Литмир - Электронная Библиотека

Вдруг что-то хлестнуло бичом, — деревенским, пастушьим, длинным, длинным, — хлест отозвался далеко за рекою — и ухнул в мокрую темь. Василий не понял звука. Бичом хлестнули еще и еще раз, — хлестче, острей, ловче. Ухнуло дважды за рекой. Василий пождал звонарей. Они оба не пришли. Он был один на колокольне; ударил в колокол, — и в промежуток между вторым и третьим ударами, — он услышал, как большие и маленькие пастушечьи кнуты принялись наперебой хлестать что-то твердое и звонкое, — там и тут, там и тут, по всему Темьяну, точно на выгоне разбаловались подпаски.

— Стреляют! — спохватился вдруг Василий и ударил в четвертый раз.

Хлест бичей смешивался со звоном колоколов, но не тонул в этой гуще медной плави, а рассекал ее острыми, тонкими дорожками. Вдруг что-то жужукнуло у самого лица Василия. Он невольно сделал рукой отмашку, как от шмеля; — залетевший шмелек звякнулся о медный край одного из колоколов, и тотчас же отлетел.
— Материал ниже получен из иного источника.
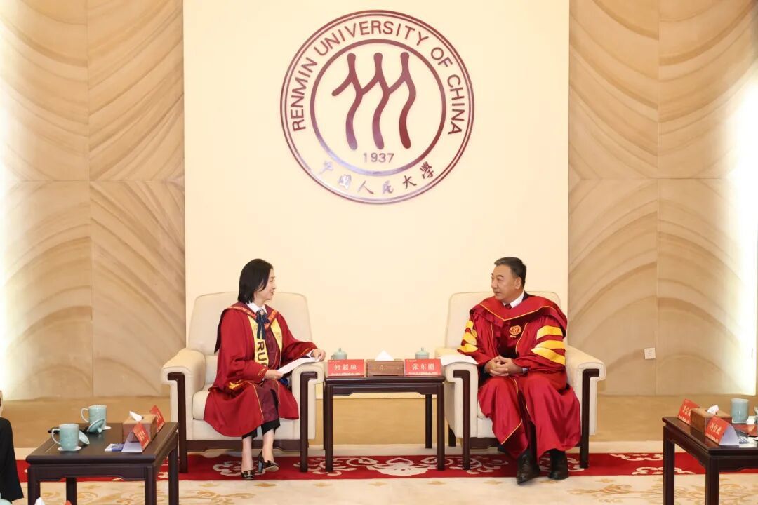 ▲中国人民大学党委书记张东刚为何超琼女士颁发学位证书、拨穗。

Василий понял шмелька: — Пуля!

Он дозвонил и, став за столп яруса, глянул в темь города. Хлестались бичами, кнутами по всему городу, — и сильней всего около ходуновской фабрики.

Василий спустился с колокольни в собор. Там было пусто, и второй священник, отец Борис, наскоро совершал службу с псаломщиком.

Василий постоял, вошел в алтарь. Улучив минуту, священник сказал ему:

— Ты бы завтра не звонил, Василий. Служить будем, а звонить не будем. Да и опасновато тебе на колокольне, на юру.

Василий сказал, что пуля царапнула Наполеона.

— Ну, Бонапарту пуля — дело привычное, — пошутил священник, — а вот для нас с тобой — лучше с ней не знакомиться.

Василий вышел из алтаря. Тоскливо постоял на клиросе с псаломщиком. Тот пугливо и зябко посмотрел в окно и спросил Василия?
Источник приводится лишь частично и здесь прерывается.